Ecobusiness
Il World
Resources Institute dà l’Italia a secco di acqua nel 2040.
È un dato italiano. Fermo, non una proiezione.
E noto da tempo. Per un eccesso di consumi. E per le troppe perdite negli
acquedotti – poco meno del 50 per cento dell’acqua recuperata alle sorgenti e
negli invasi si disperde negli acquedotti. Si direbbe una situazione criminale,
prima che suicida. Ma, rilevata già nei primi anni 1990, quando si cominciò a
parlare dell’acqua come un business, niente
è stato fatto per rimediare, né è in programma, nemmeno in agenda di
discussione.
Non si investe negli acquedotti. Tanto meno
dacché l’acqua è tornata bene pubblico inalienabile.

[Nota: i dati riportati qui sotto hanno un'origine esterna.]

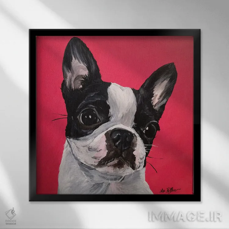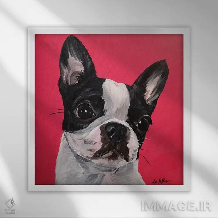 تابلو بوستون تریر ربکا اثر هیپی هاوند استودیوز (استودیو هنری) - نمای قاب‌دار سفید

“I ladri d’acqua assetano l’Europa” è il tema
del supplemento “Green & Blue” di ”la Repubblica”. Non sono banditi, sono le dighe.
Che “rubano” l’acqua, e uccidono la biodiversità: “In Europa una barriera
formata da un milione di dighe ha causato la perdita dell’80 per cento della
biodiversità”. Non è vero, cioè è detto male: uccidono la biodiversità le tante
dighe in aree protette, in essere o progettate. Ma l’energia rinnovabile di
fonte idrica (dighe) è la fonte maggiore tra le energie rinnovabili: dei 129
terawattora di energia elettrica prodotta nel 2019 in Italia da fonti rinnovabili, il 40
per cento è idroelettrico, di gran lunga più di eolico, fotovoltaico, biomasse,
geotermia.
L’ecologia è un serpente che si morde la coda?
Quella industriale sì – l’ecologia è oggi, pur con Greta e ogni integralismo, un
settore industriale, il più ricco di soldi (pubblici, gratuiti).